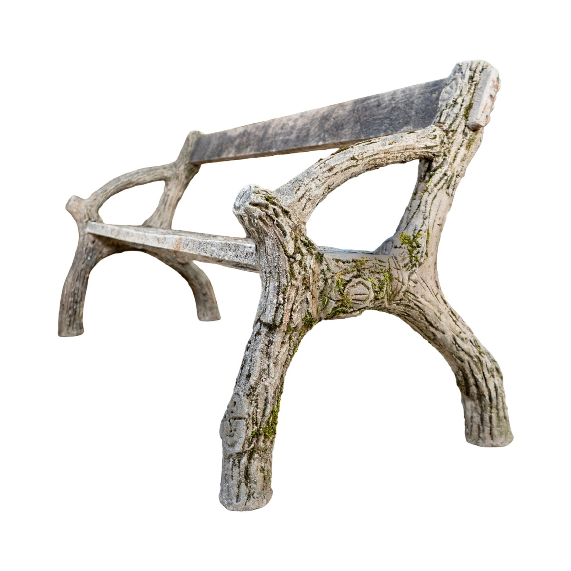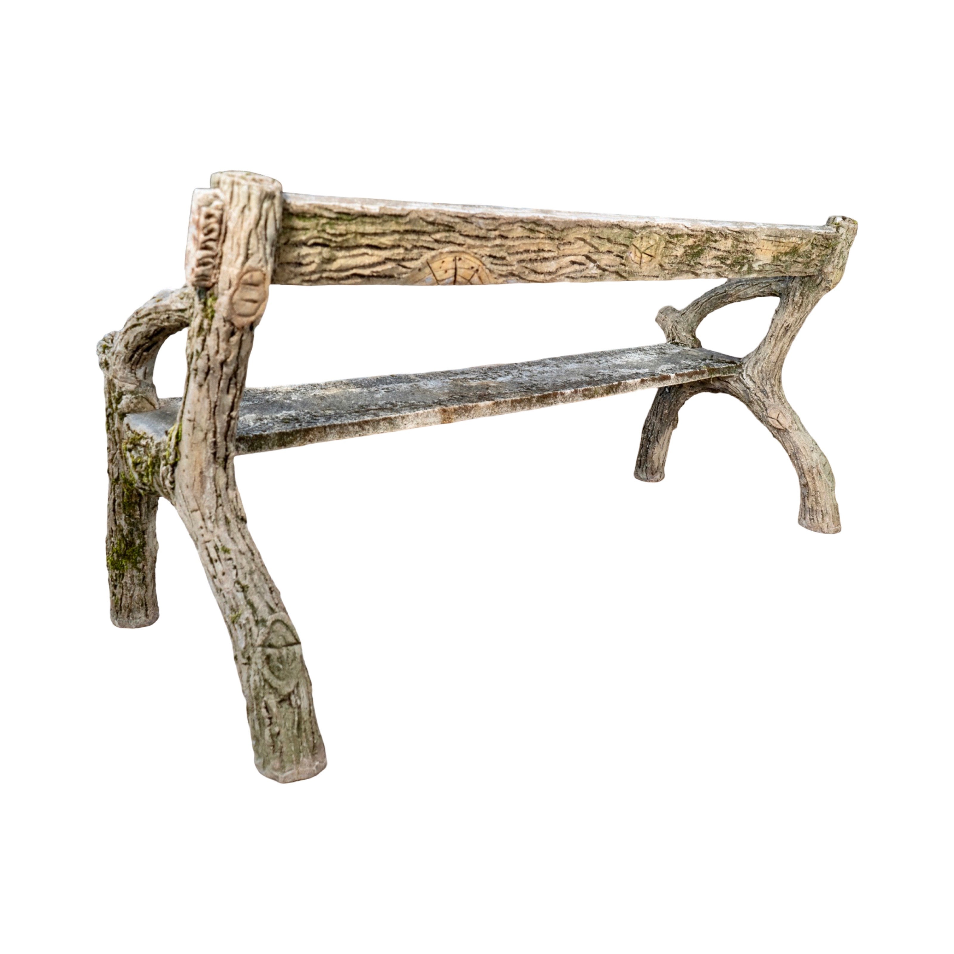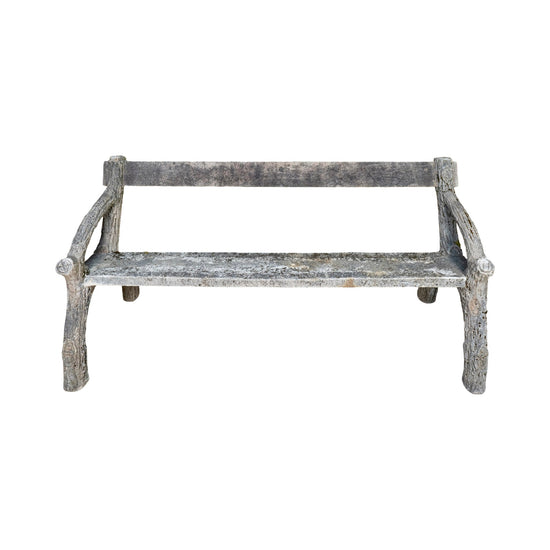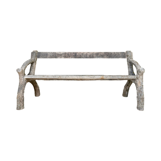 A charming example of early 20th-century faux bois craftsmanship, this garden bench captures the naturalistic beauty of hand-sculpted concrete made to resemble weathered tree branches. The entire piece—including the seat and backrest—is cast in concrete, skillfully formed to mimic the look of aged wood with bark-like textures and branch-like structure throughout.
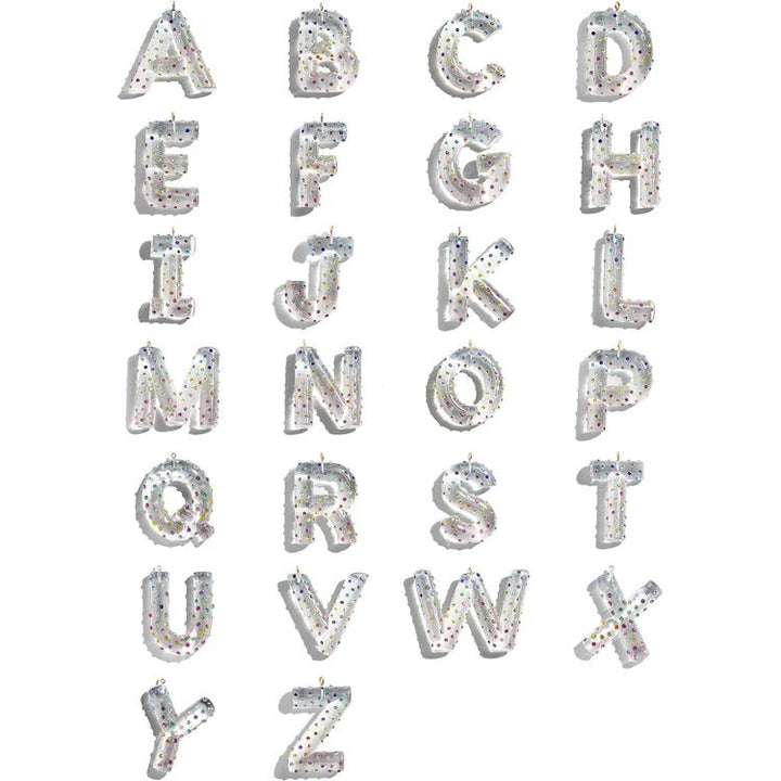 Add some vibrant hues to your bag with the Confetti Initial Bag Charm. Featuring the letter of your choosing in a bold, bubble-letter font, embellished with dainty multicolored stones for added sparkle.  Keychain closure Clear initial with rainbow studded gemstones. Dimensions: 5.07" x 2.4"   Ages 3+ Materials: 60% res
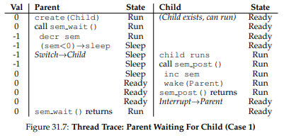 초기값 1 -> sem_wait() 를 통해 lock을 얻고 value가 0으로 감소 -> critical section 진입 -> 일을 다 끝내지 못하고 Interrupt 가 걸림, Thread 1으로 Context Switching (Run->Ready) -> Thread 1 실행 -> sem_wait()을 통해 lock을 얻으려고 했지만 감소를 했더니 negative number가 됐다. (0 -> -1) -> 따라서 Semaphore Waiting Queue에 Thread1을 등록시키고 Thread 1은 sleep 하게 된다. (Run->Sleep) 다시 T0로 Context Switching -> critical section 이어서 진행, 이 과정은 mutual exclusive 하게 진행 됐다. (Thread 1에서 critical section 에 진입을 하지 못했기 때문, 즉 sleep 했다) -> sem_post()를 통해 unlock을 해서 value를 증가시키고 기다리고 있는 T1 Thread를 깨운다. (Waiting Queue에서 제거하고 Ready Queue로 옮긴다, 따라서 Thread1은 Sleep->Ready) -> Interrupt 발생, T1으로 Switching -> wait() return 하는데 이 때 semaphore value를 얻었고 critical section으로 진입한다. -> sem_post()를 통해 unlock, value 증가 -> 끝.
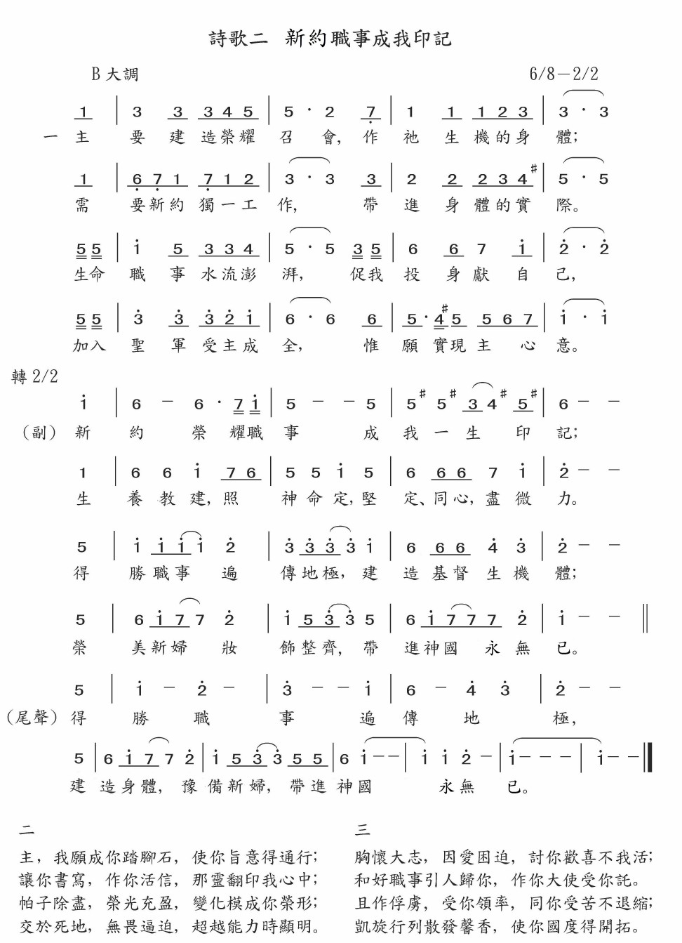 新约荣耀职事成我一生印记;生养教建照神命定,坚定、同心尽微力。得胜职事遍传地极,建造基督生机体;荣美新妇妆饰整齐,带进神国永无已。
----
* Problem statement *
Word for word, output the whole listing, but not its pictures.

* Expected output *
 A charming example of early 20th-century faux bois craftsmanship, this garden bench captures the naturalistic beauty of hand-sculpted concrete made to resemble weathered tree branches. The entire piece—including the seat and backrest—is cast in concrete, skillfully formed to mimic the look of aged wood with bark-like textures and branch-like structure throughout.
 Add some vibrant hues to your bag with the Confetti Initial Bag Charm. Featuring the letter of your choosing in a bold, bubble-letter font, embellished with dainty multicolored stones for added sparkle.  Keychain closure Clear initial with rainbow studded gemstones. Dimensions: 5.07" x 2.4"   Ages 3+ Materials: 60% res
 초기값 1 -> sem_wait() 를 통해 lock을 얻고 value가 0으로 감소 -> critical section 진입 -> 일을 다 끝내지 못하고 Interrupt 가 걸림, Thread 1으로 Context Switching (Run->Ready) -> Thread 1 실행 -> sem_wait()을 통해 lock을 얻으려고 했지만 감소를 했더니 negative number가 됐다. (0 -> -1) -> 따라서 Semaphore Waiting Queue에 Thread1을 등록시키고 Thread 1은 sleep 하게 된다. (Run->Sleep) 다시 T0로 Context Switching -> critical section 이어서 진행, 이 과정은 mutual exclusive 하게 진행 됐다. (Thread 1에서 critical section 에 진입을 하지 못했기 때문, 즉 sleep 했다) -> sem_post()를 통해 unlock을 해서 value를 증가시키고 기다리고 있는 T1 Thread를 깨운다. (Waiting Queue에서 제거하고 Ready Queue로 옮긴다, 따라서 Thread1은 Sleep->Ready) -> Interrupt 발생, T1으로 Switching -> wait() return 하는데 이 때 semaphore value를 얻었고 critical section으로 진입한다. -> sem_post()를 통해 unlock, value 증가 -> 끝.
 新约荣耀职事成我一生印记;生养教建照神命定,坚定、同心尽微力。得胜职事遍传地极,建造基督生机体;荣美新妇妆饰整齐,带进神国永无已。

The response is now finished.